The Federal Reserve has already announced such a policy shift with a new monetary policy framework that lets the U.S. inflation top 2% for a while to help support the job market especially for low- and moderate income workers. The ECB is considering a similar policy approach.

The New Nominal for Interest Rates

This new nominal for interest rates is "underappreciated by markets and will have profound implications for portfolios," said Jean Boivin, head of BlackRock Investment Institute. The new nominal is especially supportive of risk assets, according to Boivin.

In the medium to long term, beyond 12 months, the new nominal translates into a higher strategic allocation to equities than is normal during a period of rising inflation. In the shorter term, between six and 12 months, BlackRock favors tactical overweight allocations to U.S. equities, including tech health care and small caps, as well as emerging market equities and Asian equities minus Japan. 

It takes a barbell approach to stocks that capture "turbo-charged sectors" like large-cap technology on one side, and cyclical stocks such as small-cap tech, materials, and industrials and emerging market equities on the other, said Mike Pyle, global chief investment strategist at the BlackRock Investment Institute.

For bonds, the new nominal will constrain real rates, pushing them even further into negative territory, and causing government bonds to act even less as a ballast in portfolios than they traditionally have, said Scott Thiel, chief fixed income strategist at BlackRock Investment Institute. BlackRock is overweight U.S. Treasury inflation-protected securities (TIPS), Asian fixed income bonds and emerging market and global high yield bonds.

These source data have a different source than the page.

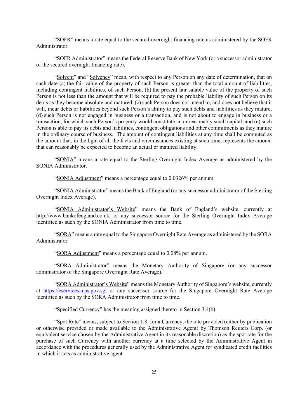 25 “SOFR” means a rate equal to the secured overnight financing rate as administered by the SOFR Administrator. “SOFR Administrator” means the Federal Reserve Bank of New York (or a successor administrator of the secured overnight financing rate). “Solvent” and “Solvency” mean, with respect to any Person on any date of determination, that on such date (a) the fair value of the property of such Person is greater than the total amount of liabilities, including contingent liabilities, of such Person, (b) the present fair salable value of the property of such Person is not less than the amount that will be required to pay the probable liability of such Person on its debts as they become absolute and matured, (c) such Person does not intend to, and does not believe that it will, incur debts or liabilities beyond such Person’s ability to pay such debts and liabilities as they mature, (d) such Person is not engaged in business or a transaction, and is not about to engage in business or a transaction, for which such Person’s property would constitute an unreasonably small capital, and (e) such Person is able to pay its debts and liabilities, contingent obligations and other commitments as they mature in the ordinary course of business. The amount of contingent liabilities at any time shall be computed as the amount that, in the light of all the facts and circumstances existing at such time, represents the amount that can reasonably be expected to become an actual or matured liability. “SONIA” means a rate equal to the Sterling Overnight Index Average as administered by the SONIA Administrator. “SONIA Adjustment” means a percentage equal to 0.0326% per annum. “SONIA Administrator” means the Bank of England (or any successor administrator of the Sterling Overnight Index Average). “SONIA Administrator’s Website” means the Bank of England’s website, currently at http://www.bankofengland.co.uk, or any successor source for the Sterling Overnight Index Average identified as such by the SONIA Administrator from time to time. “SORA” means a rate equal to the Singapore Overnight Rate Average as administered by the SORA Administrator. “SORA Adjustment” means a percentage equal to 0.08% per annum. “SORA Administrator” means the Monetary Authority of Singapore (or any successor administrator of the Singapore Overnight Rate Average). “SORA Administrator’s Website” means the Monetary Authority of Singapore’s website, currently at https://eservices.mas.gov.sg, or any successor source for the Singapore Overnight Rate Average identified as such by the SORA Administrator from time to time. “Specified Currency” has the meaning assigned thereto in Section 3.4(b). “Spot Rate” means, subject to Section 1.8, for a Currency, the rate provided (either by publication or otherwise provided or made available to the Administrative Agent) by Thomson Reuters Corp. (or equivalent service chosen by the Administrative Agent in its reasonable discretion) as the spot rate for the purchase of such Currency with another currency at a time selected by the Administrative Agent in accordance with the procedures generally used by the Administrative Agent for syndicated credit facilities in which it acts as administrative agent.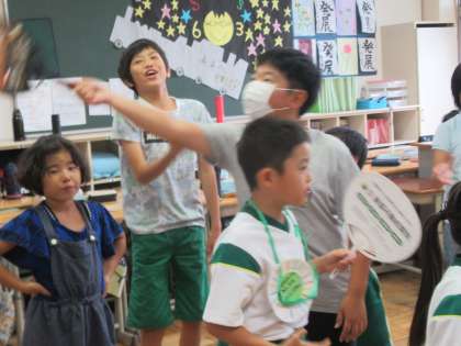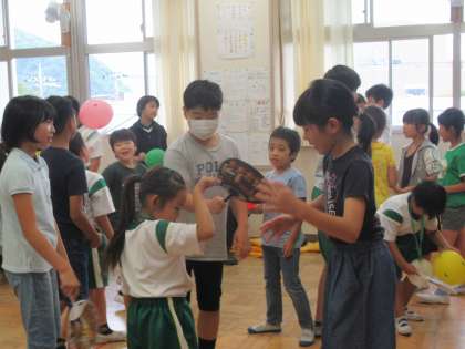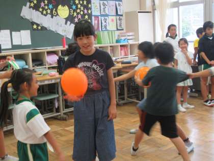 うちわを使った風船ゲーム。低学年にも簡単にできて、好評です。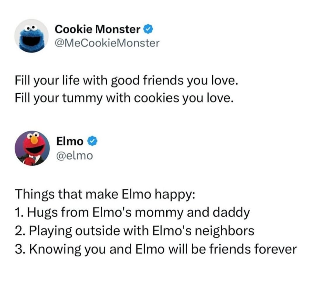 Trust the all-knowing Elmo. He’s your friend, forever and always.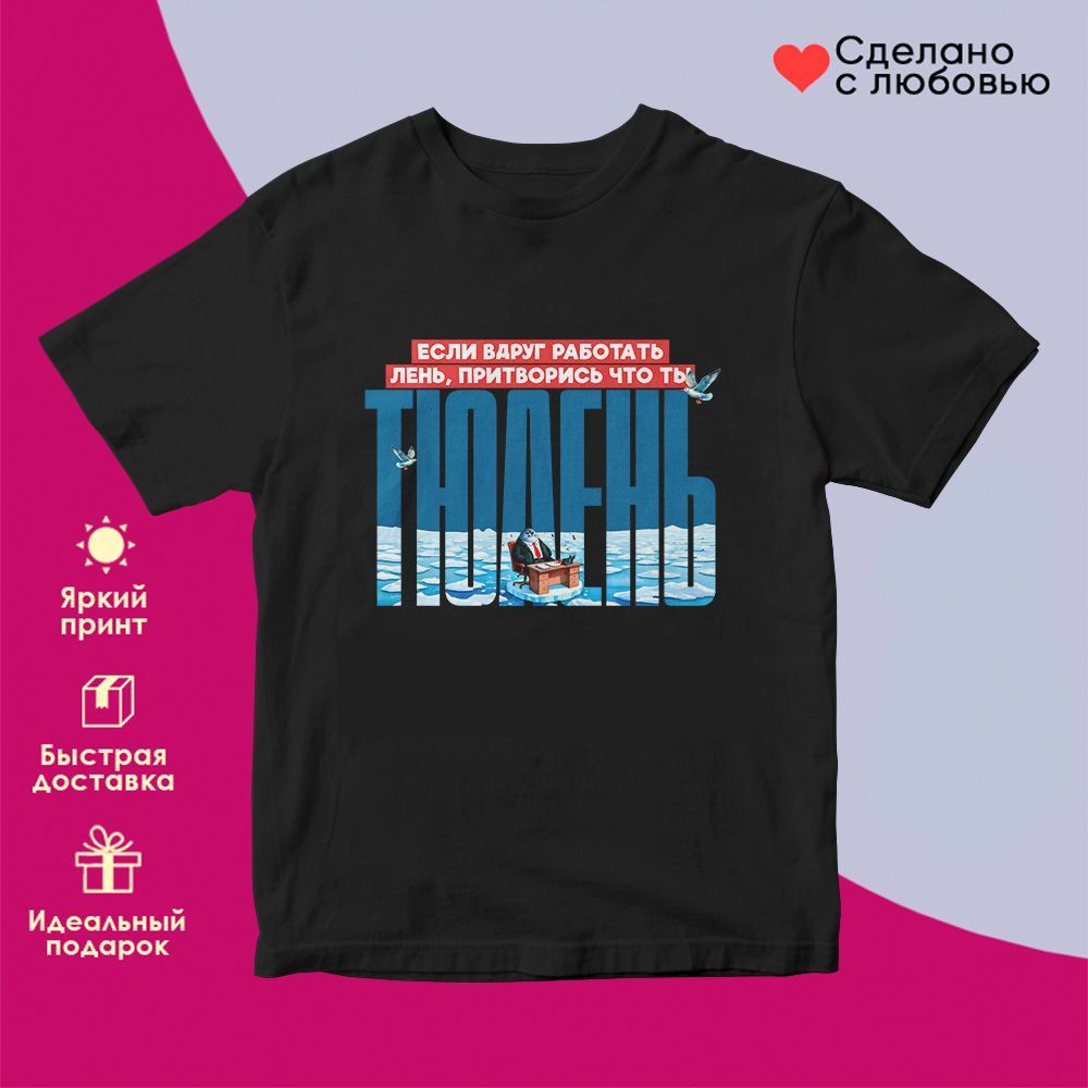 TopPoshiv Футболка с принтом «Если вруг работать лень притворись что ты тюлень»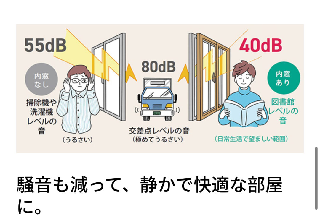 外からの音を15dB低減。騒音が半分以下に聞こえる防音効果です(人間の耳は、10dB下がれば、音が約半分に減ったように感じると言われています)
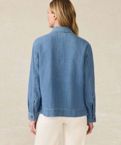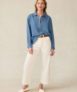 - Detail: Denim pull over top with half placket shirt, Button closure.
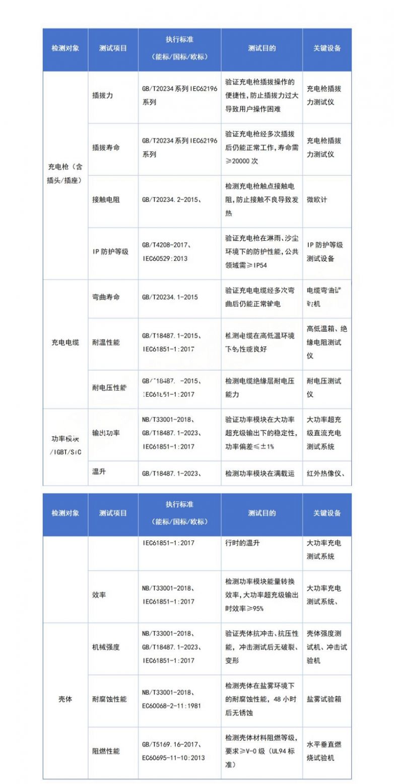 SLD技術(shù)中心基于國標(biāo)(GB/T系列)、歐標(biāo)(IEC系列)及CCC強(qiáng)檢要求,梳理大功率超充級充電樁檢測實驗室常規(guī)測試項目,涵蓋充電樁領(lǐng)域相關(guān)能力標(biāo)準(zhǔn)所對應(yīng)的『原材料及部件檢測』『充電樁整機(jī)檢測』兩大類,為實驗室檢測能力建設(shè)提供參考。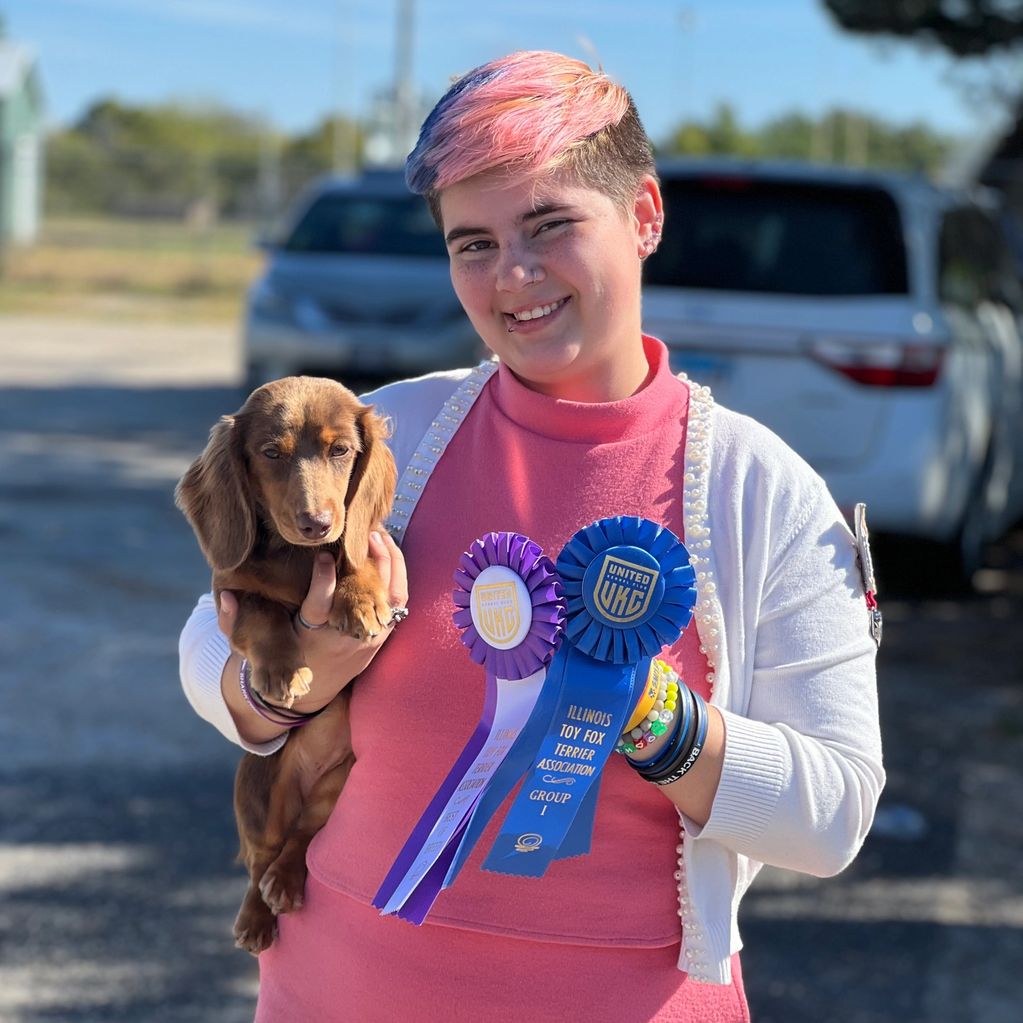 Bellamy (bred by us) took Best Female, Best Of Winners, Best of Breed, and Best In Group in UKC!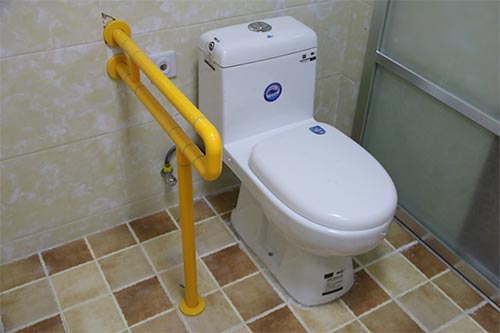 (2)脱下裤子手扶墙上横扶手,安稳地移坐在坐便器上;

The Impact of the Coronavirus Pandemic

BlackRock's new investment order takes its cue from the coronavirus pandemic — its impact on global economies and global markets — and its differences from past systemic shocks.

"The traditional business cycle playbook does not apply. This is not a traditional recovery in the same way that the stoppage was different from a traditional recession."

BlackRock expects the recovery will be more akin to recoveries that follow natural disasters — a "swift economic restart" that reaches full throttle by late 2021, fueled by the distribution of coronavirus vaccines. 

While markets can price in these expected gains rather quickly, the economy will face challenges in the near term — more infections, hospitalizations and deaths — and the European economy may contract in the fourth quarter with the U.S. close behind, according to BlackRock.

The pandemic also accelerated the shift toward a global economy dominated by the U.S. and China, which will remake global supply chains, emphasizing resilience over efficiency. This is not the de-globalization view that some strategists have been forecasting but "a rewiring of globalization," with two poles of growth that investors should be exposed to, according to BlackRock.

Along with these global changes is the growing importance of sustainable assets and emphasis on environmental, social and governance factors, including those that combat climate change as well as rising economic inequality. 

"We have reached an inflection point in sustainability," according to the BlackRock outlook, which refers to "ambitious" net zero targets set by European Union and China, achieving zero emissions by 2050 and 2060, respectively.

The sustainability discussion is no longer about forfeiting performance to attain a sustainable objective. "It is a driver of returns that will play out over years," Boivin said.